Leave the pictures out and give every entry again exactly.

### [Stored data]
══════════════════════════════
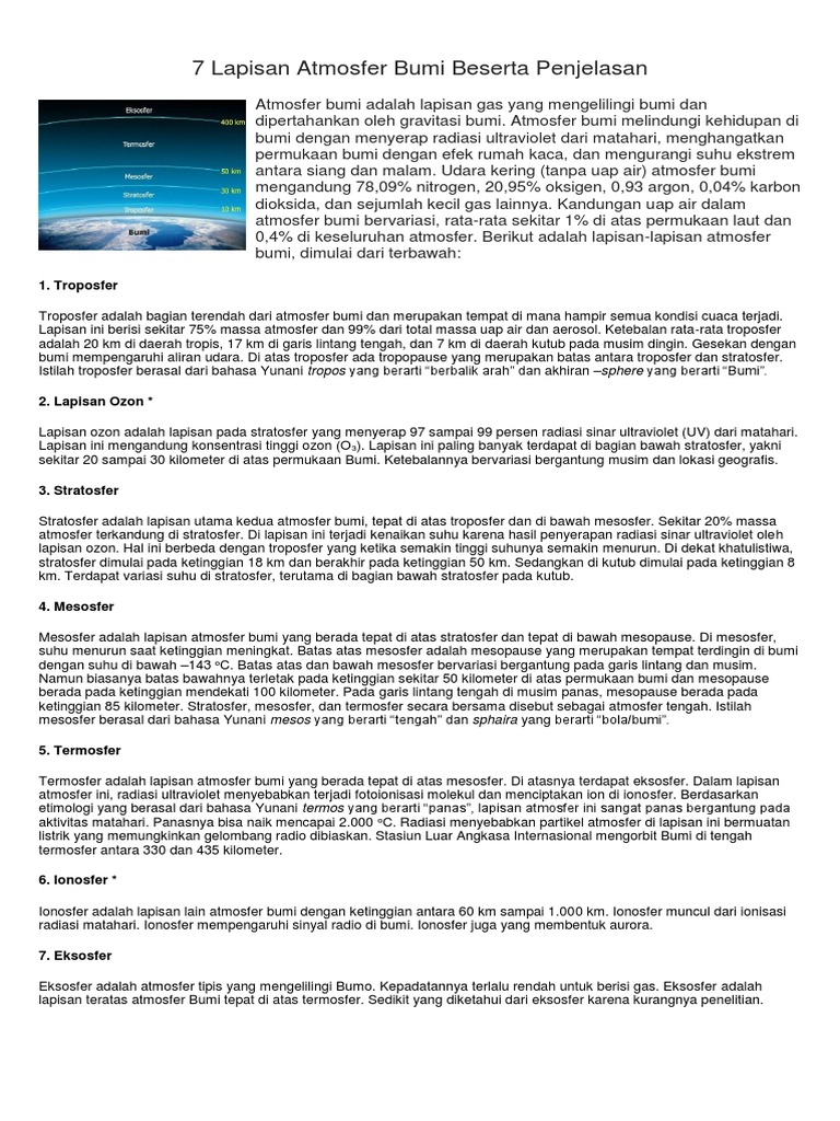 sebutkan lapisan lapisan atmosfer beserta penjelasannya! - Brainly.co.id
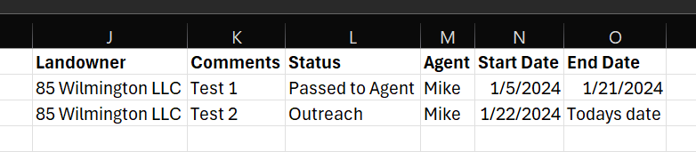 Each record = a landlord with a status column and date that status started. Example: row 1 has landownerA with "Passed to Agent" status on 1/1/24. row 2 has landownerA with "Outreach" status on 1/22/24.
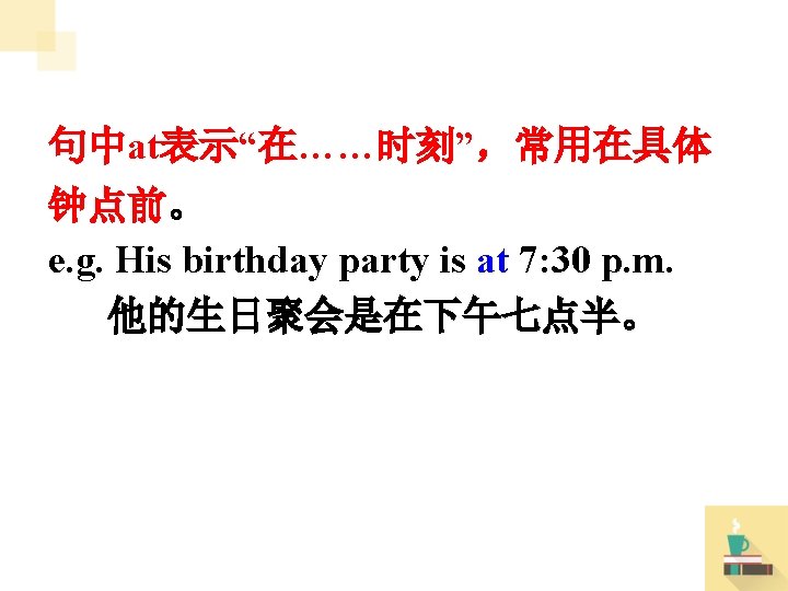 Thursday 28 th Friday 29 th A. M. 08: 00 math A. M. 08: 00 Chinese 09: 00 English Saturday 30 th Soccer game 10: 00 Chinese 10: 00 art 11: 00 history 11: 00 P. E. P. M. 12: 00 lunch P. M. 12: 00 lunch 01: 00 geography 01: 00 math 02: 00 English 02: 00 history Sunday 31 st Bill’s birthday party
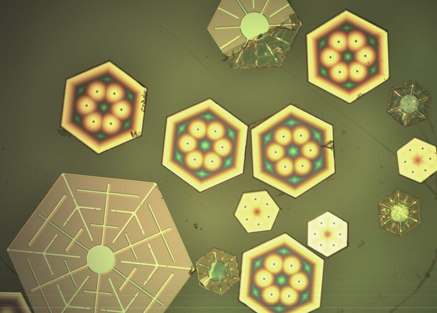 Each cell is formed on silicon wafers, etched, and then released in hexagonal shapes, with electrical contacts prefabricated on each piece - by borrowing techniques from integrated circuits and MEMS.
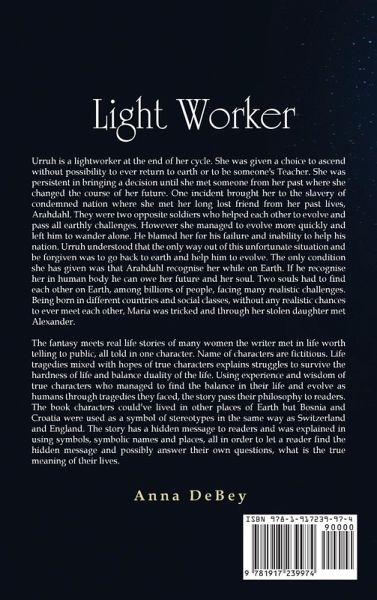 Urruh is a lightworker at the end of her cycle. She was given a choice to ascend without possibility to ever return to earth or to be someone's Teacher. She was persistent in bringing a decision until she met someone from her past where she changed the course of her future. One incident brought her to the slavery of condemned nation where she met her long lost friend from her past lives, Arahdahl. They were two opposite soldiers who helped each other to evolve and pass all earthly challenges. However she managed to evolve more quickly and left him to wander alone. He blamed her for his failure and inability to help his nation. Urruh understood that the only way out of this unfortunate situation and be forgiven was to go back to earth and help him to evolve. The only condition she has given was that Arahdahl recognise her while on Earth. If he recognise her in human body he can owe her future and her soul. Two souls had to find each other on Earth, among billions of people, facing many realistic challenges. Being born in different countries and social classes, without any realistic chances to ever meet each other, Maria was tricked and through her stolen daughter met Alexander. The fantasy meets real life stories of many women the writer met in life worth telling to public, all told in one character. Name of characters are fictitious. Life tragedies mixed with hopes of true characters explains struggles to survive the hardness of life and balance duality of the life. Using experience and wisdom of true characters who managed to find the balance in their life and evolve as humans through tragedies they faced, the story pass their philosophy to readers. The book characters could've lived in other places of Earth but Bosnia and Croatia were used as a symbol of stereotypes in the same way as Switzerland and England. The story has a hidden message to readers and was explained in using symbols, symbolic names and places, all in order to let a reader find the hidden message and possibly answer their own questions, what is the true meaning of their lives.
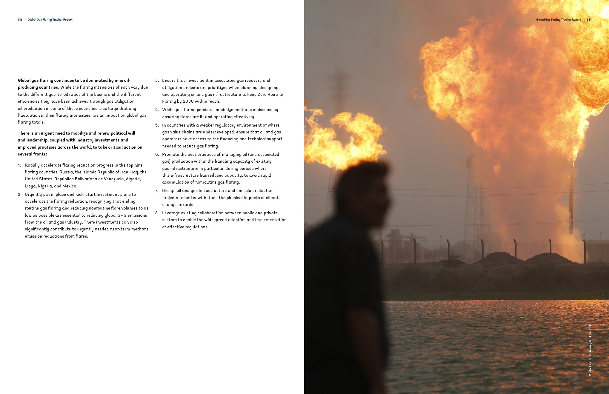 俄罗斯、伊朗、伊拉克、美国、委内瑞拉、阿尔及利亚、利比亚、尼日利亚和墨西哥仍然是2023年排在前九位的放空国家。这9个国家加起来占全球天然气燃除量的75%,但石油产量仅占全球的46%。
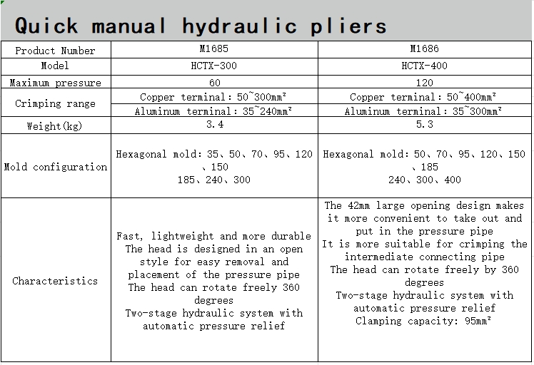 الكماشة الهيدروليكية اليدوية السريعة هي أداة هيدروليكية محمولة، تستخدم بشكل أساسي في عمليات تجعيد وقص الأسلاك والكابلات وتجهيزات الأنابيب وما إلى ذلك في مجالات الطاقة والاتصالات والنقل وغيرها من الصناعات. تشتمل مكوناتها الأساسية على المضخات الهيدروليكية اليدوية، والأسطوانات الهيدروليكية، وقوالب التجعيد والوصلات السريعة، وما إلى ذلك، والتي يمكن أن توفر عمليات تجعيد وقص فعالة ودقيقة.
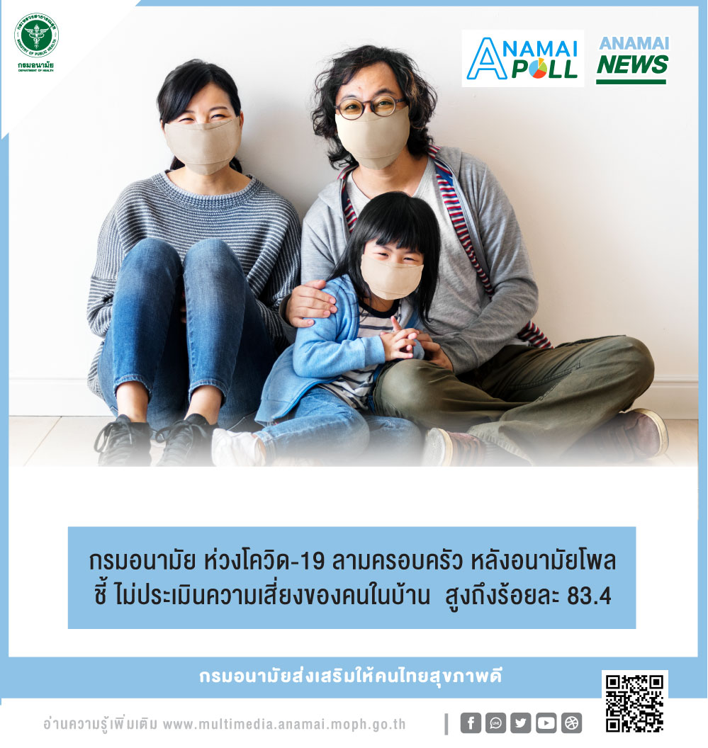 นพ.สุวรรณชัย วัฒนายิ่งเจริญชัย อธิบดีกรมอนามัย กระทรวงสาธารณสุข กล่าวว่า สถานการณ์การแพร่ระบาดของโรคโควิด-19 ยังคงมีความรุนแรงอย่างต่อเนื่อง โดยส่วนใหญ่พบมีการติดเชื้อกันเองภายในครอบครัวร้อยละ 20 มีการติดเชื้อกันภายในชุมชนร้อยละ 20 และจากข้อมูลการเสียชีวิตของผู้ป่วยในช่วง 14 วันที่ผ่านมา พบผู้เสียชีวิตติดเชื้อในครอบครัว ร้อยละ 18 ติดจากเพื่อนบ้านในชุมชน ร้อยละ 23 และติดจากการเดินทางไปพื้นที่เสี่ยงหรืออยู่ในพื้นที่เสี่ยง ร้อยละ 51 อีกทั้งจากผลสำรวจอนามัยโพลประเด็น “การประเมินความเสี่ยงและพฤติกรรมการป้องกันโรคของครอบครัว” ระหว่างวันที่ 19 ก.ค.–4 ส.ค.64 พบว่า คนในครอบครัวไม่มีการประเมินความเสี่ยงของสมาชิกในบ้าน เช่น ไม่มีการสังเกตอาการเบื้องต้น ตรวจวัดอุณหภูมิ หรือไม่ใช้แอปพลิเคชัน ไทยเซฟไทย เป็นต้น สูงถึงร้อยละ 83.4 สำหรับในพื้นที่ควบคุมสูงสุดและเข้มงวด พบว่า ประชาชนไม่มีการประเมินความเสี่ยงของคนในบ้าน ร้อยละ 67.5 ส่วนพฤติกรรมการป้องกัน โรคโควิด-19 ในบ้านที่ประชาชนเห็นด้วยและสามารถทำได้มากที่สุดคือ การแยกกันกินเมื่ออยู่ในบ้าน ร้อยละ 53.1 รองลงมาคือ การเว้นระยะห่าง ร้อยละ 50.1 และการสวมหน้ากากในบ้านตลอดเวลา ร้อยละ 49.9 ตามลำดับ
══════════════════════════════
### [Completed task]
 sebutkan lapisan lapisan atmosfer beserta penjelasannya! - Brainly.co.id
 Each record = a landlord with a status column and date that status started. Example: row 1 has landownerA with "Passed to Agent" status on 1/1/24. row 2 has landownerA with "Outreach" status on 1/22/24.
 Thursday 28 th Friday 29 th A. M. 08: 00 math A. M. 08: 00 Chinese 09: 00 English Saturday 30 th Soccer game 10: 00 Chinese 10: 00 art 11: 00 history 11: 00 P. E. P. M. 12: 00 lunch P. M. 12: 00 lunch 01: 00 geography 01: 00 math 02: 00 English 02: 00 history Sunday 31 st Bill’s birthday party
 Each cell is formed on silicon wafers, etched, and then released in hexagonal shapes, with electrical contacts prefabricated on each piece - by borrowing techniques from integrated circuits and MEMS.
 Urruh is a lightworker at the end of her cycle. She was given a choice to ascend without possibility to ever return to earth or to be someone's Teacher. She was persistent in bringing a decision until she met someone from her past where she changed the course of her future. One incident brought her to the slavery of condemned nation where she met her long lost friend from her past lives, Arahdahl. They were two opposite soldiers who helped each other to evolve and pass all earthly challenges. However she managed to evolve more quickly and left him to wander alone. He blamed her for his failure and inability to help his nation. Urruh understood that the only way out of this unfortunate situation and be forgiven was to go back to earth and help him to evolve. The only condition she has given was that Arahdahl recognise her while on Earth. If he recognise her in human body he can owe her future and her soul. Two souls had to find each other on Earth, among billions of people, facing many realistic challenges. Being born in different countries and social classes, without any realistic chances to ever meet each other, Maria was tricked and through her stolen daughter met Alexander. The fantasy meets real life stories of many women the writer met in life worth telling to public, all told in one character. Name of characters are fictitious. Life tragedies mixed with hopes of true characters explains struggles to survive the hardness of life and balance duality of the life. Using experience and wisdom of true characters who managed to find the balance in their life and evolve as humans through tragedies they faced, the story pass their philosophy to readers. The book characters could've lived in other places of Earth but Bosnia and Croatia were used as a symbol of stereotypes in the same way as Switzerland and England. The story has a hidden message to readers and was explained in using symbols, symbolic names and places, all in order to let a reader find the hidden message and possibly answer their own questions, what is the true meaning of their lives.
 俄罗斯、伊朗、伊拉克、美国、委内瑞拉、阿尔及利亚、利比亚、尼日利亚和墨西哥仍然是2023年排在前九位的放空国家。这9个国家加起来占全球天然气燃除量的75%,但石油产量仅占全球的46%。
 الكماشة الهيدروليكية اليدوية السريعة هي أداة هيدروليكية محمولة، تستخدم بشكل أساسي في عمليات تجعيد وقص الأسلاك والكابلات وتجهيزات الأنابيب وما إلى ذلك في مجالات الطاقة والاتصالات والنقل وغيرها من الصناعات. تشتمل مكوناتها الأساسية على المضخات الهيدروليكية اليدوية، والأسطوانات الهيدروليكية، وقوالب التجعيد والوصلات السريعة، وما إلى ذلك، والتي يمكن أن توفر عمليات تجعيد وقص فعالة ودقيقة.
 นพ.สุวรรณชัย วัฒนายิ่งเจริญชัย อธิบดีกรมอนามัย กระทรวงสาธารณสุข กล่าวว่า สถานการณ์การแพร่ระบาดของโรคโควิด-19 ยังคงมีความรุนแรงอย่างต่อเนื่อง โดยส่วนใหญ่พบมีการติดเชื้อกันเองภายในครอบครัวร้อยละ 20 มีการติดเชื้อกันภายในชุมชนร้อยละ 20 และจากข้อมูลการเสียชีวิตของผู้ป่วยในช่วง 14 วันที่ผ่านมา พบผู้เสียชีวิตติดเชื้อในครอบครัว ร้อยละ 18 ติดจากเพื่อนบ้านในชุมชน ร้อยละ 23 และติดจากการเดินทางไปพื้นที่เสี่ยงหรืออยู่ในพื้นที่เสี่ยง ร้อยละ 51 อีกทั้งจากผลสำรวจอนามัยโพลประเด็น “การประเมินความเสี่ยงและพฤติกรรมการป้องกันโรคของครอบครัว” ระหว่างวันที่ 19 ก.ค.–4 ส.ค.64 พบว่า คนในครอบครัวไม่มีการประเมินความเสี่ยงของสมาชิกในบ้าน เช่น ไม่มีการสังเกตอาการเบื้องต้น ตรวจวัดอุณหภูมิ หรือไม่ใช้แอปพลิเคชัน ไทยเซฟไทย เป็นต้น สูงถึงร้อยละ 83.4 สำหรับในพื้นที่ควบคุมสูงสุดและเข้มงวด พบว่า ประชาชนไม่มีการประเมินความเสี่ยงของคนในบ้าน ร้อยละ 67.5 ส่วนพฤติกรรมการป้องกัน โรคโควิด-19 ในบ้านที่ประชาชนเห็นด้วยและสามารถทำได้มากที่สุดคือ การแยกกันกินเมื่ออยู่ในบ้าน ร้อยละ 53.1 รองลงมาคือ การเว้นระยะห่าง ร้อยละ 50.1 และการสวมหน้ากากในบ้านตลอดเวลา ร้อยละ 49.9 ตามลำดับ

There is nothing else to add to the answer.